EXERCISE GOAL | After locating the line that contains "文学与传媒学院广播电视编导专业新生赖峻言和家人留影(通讯员 熊新/摄)" in the records below, write out exactly that line and each line after it through the one that contains "当前工作要求,普及了逃生自救", and nothing else.

INPUT |

====================

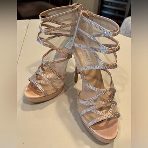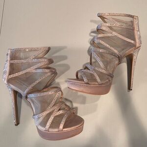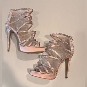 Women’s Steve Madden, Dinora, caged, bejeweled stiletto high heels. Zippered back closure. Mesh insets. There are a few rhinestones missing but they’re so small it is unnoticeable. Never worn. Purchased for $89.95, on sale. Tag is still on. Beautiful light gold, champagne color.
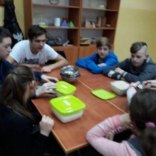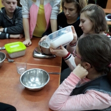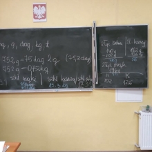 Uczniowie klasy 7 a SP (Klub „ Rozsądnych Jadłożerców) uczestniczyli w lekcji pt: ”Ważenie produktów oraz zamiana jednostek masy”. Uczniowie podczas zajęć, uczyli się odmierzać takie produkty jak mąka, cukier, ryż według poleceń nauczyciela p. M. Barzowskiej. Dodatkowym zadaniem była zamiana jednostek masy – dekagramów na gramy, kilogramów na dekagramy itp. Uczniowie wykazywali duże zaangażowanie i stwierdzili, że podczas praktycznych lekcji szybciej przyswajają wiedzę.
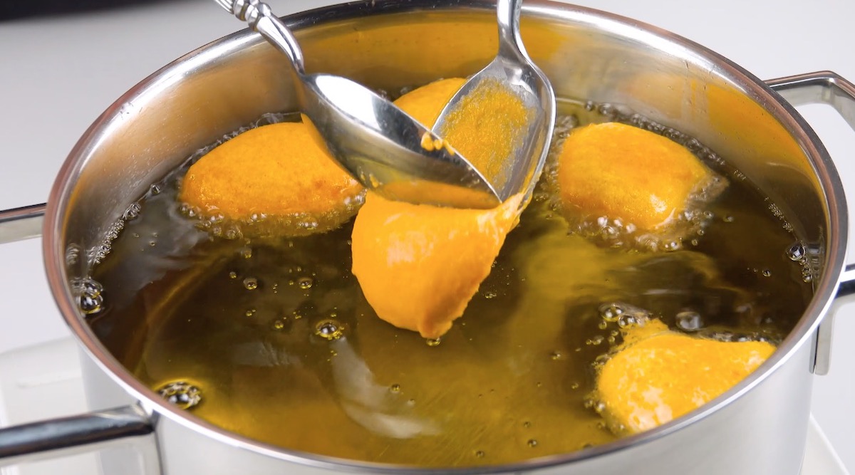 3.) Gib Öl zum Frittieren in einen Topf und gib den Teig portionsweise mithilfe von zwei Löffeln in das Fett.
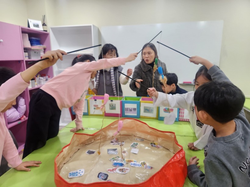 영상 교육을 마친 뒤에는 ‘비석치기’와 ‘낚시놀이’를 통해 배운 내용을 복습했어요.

====================

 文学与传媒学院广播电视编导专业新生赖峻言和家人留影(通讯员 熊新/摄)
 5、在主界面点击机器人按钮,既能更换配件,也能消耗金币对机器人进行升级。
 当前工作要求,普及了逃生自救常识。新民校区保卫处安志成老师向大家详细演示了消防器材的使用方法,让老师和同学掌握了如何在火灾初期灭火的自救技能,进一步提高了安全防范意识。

====================

OUTPUT BELOW |
 文学与传媒学院广播电视编导专业新生赖峻言和家人留影(通讯员 熊新/摄)
 5、在主界面点击机器人按钮,既能更换配件,也能消耗金币对机器人进行升级。
 当前工作要求,普及了逃生自救常识。新民校区保卫处安志成老师向大家详细演示了消防器材的使用方法,让老师和同学掌握了如何在火灾初期灭火的自救技能,进一步提高了安全防范意识。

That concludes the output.